Showing posts with label Captures. Show all posts
Showing posts with label Captures. Show all posts

Monday, February 9, 2015

Pilot"s mayday call cited "engine flameout" in deadly Taiwan plane crash - Video captures Taiwan plane crash that killed 31 - WATCH DRAMATIC VIDEO : TransAsia plane crash

TAIPEI, Taiwan –  A pilot of TransAsia Airways Flight 235 said “mayday, mayday, engine flameout” moments before the propjet banked sharply and crashed into a river, an aviation official said Thursday, but declined to comment on a possible cause for the accident.

Engine flameout refers to flames being extinguished in the combustion chamber of the engine, so that it shuts down and no longer drives the propeller. Causes of a flameout could include a lack of fuel or being struck by volcanic ash, a bird or some other object. “Mayday” is an international emergency call.

Video images of the plane’s final moments in the air captured on car dashboard cameras appear to show the left engine’s propeller at standstill as the aircraft turned sharply over Taipei, with its wings going vertical and clipping a highway bridge before plunging into the Keelung River on Wednesday.
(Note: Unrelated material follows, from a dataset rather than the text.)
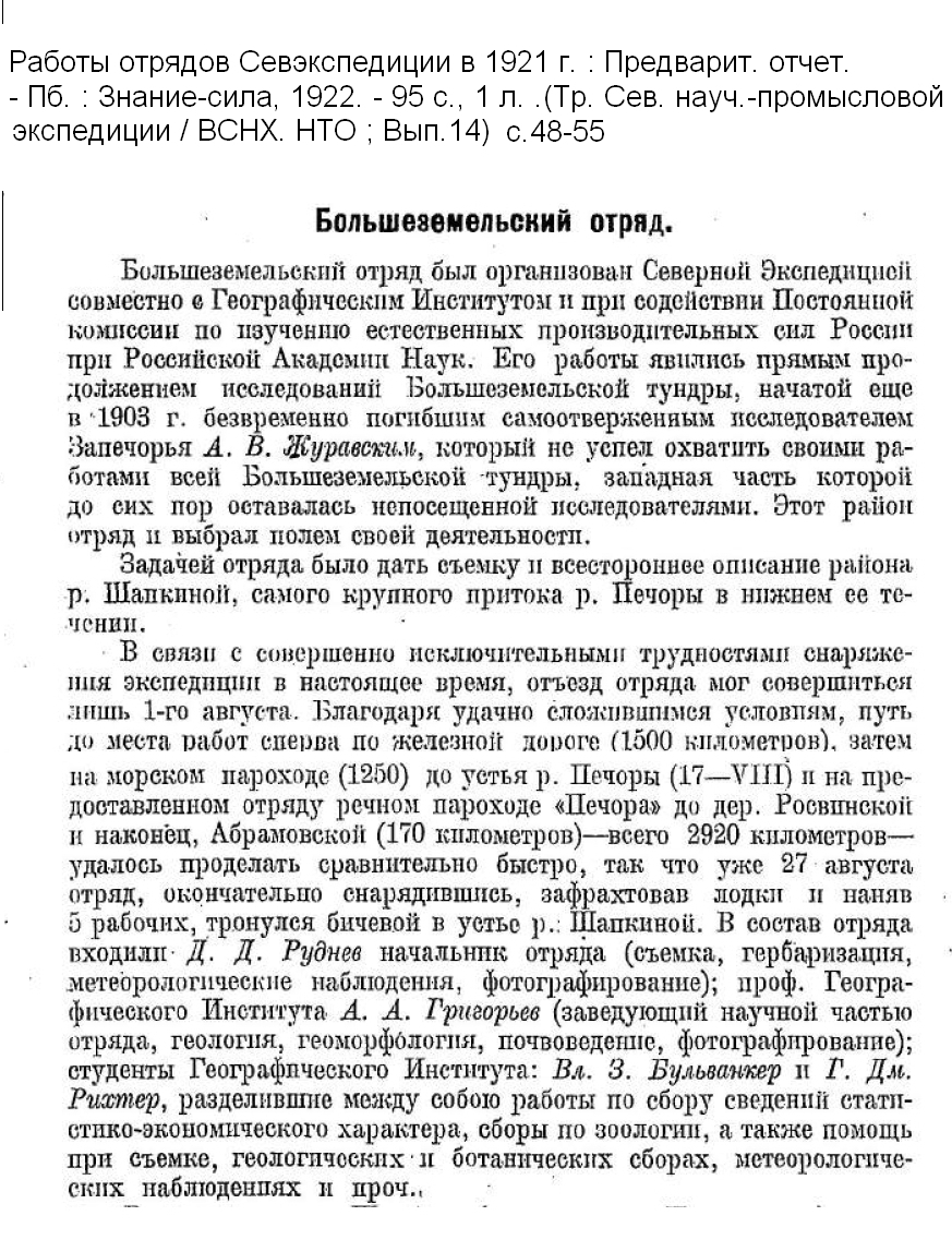 Список экспедиций СНПЭ — ИИС — ВАИ в период 1920 — 1935 гг.1921 г. Большеземельская экспедиция совместно с Географическим институтом проводила топографические и геологические работы в районе р. Шапкиной под начальством Д. Д. Руднева

At least 31 people on board were killed, and 15 people were injured, including a toddler and his father. The search continued for 12 people still missing.

An audio recording of the pilot’s communications with the control tower at takeoff and during the minutes-long flight were widely broadcast. A Taiwan Civil Aeronautical Administration official who declined to be named confirmed the distress call and its wording Thursday, but did not say how it might relate to a cause for the crash.

About 10 Taipei fire agency divers were looking for any more bodies that may be at the cold river bottom. A crane was used to bring the rear section of the plane to the shore Wednesday night. The fuselage was largely dismantled by hydraulic rescue tools and now lay alongside recovered luggage.

At midday Thursday, about a dozen relatives of Taiwanese victims arrived at the riverbank in the capital to perform traditional mourning rituals. Accompanied by Buddhist monks ringing brass bells, they bowed to the river and held aloft cloth inscriptions tied to pieces of bamboo meant to guide the spirits of the dead to rest.

Police diver Cheng Ying-chih said search and rescue efforts were being hampered by “zero visibility” in the turbid river and cold water temperatures that were forcing divers to work on one-hour shifts.

He said the front of the plane had broken into numerous pieces, making the job all the more difficult.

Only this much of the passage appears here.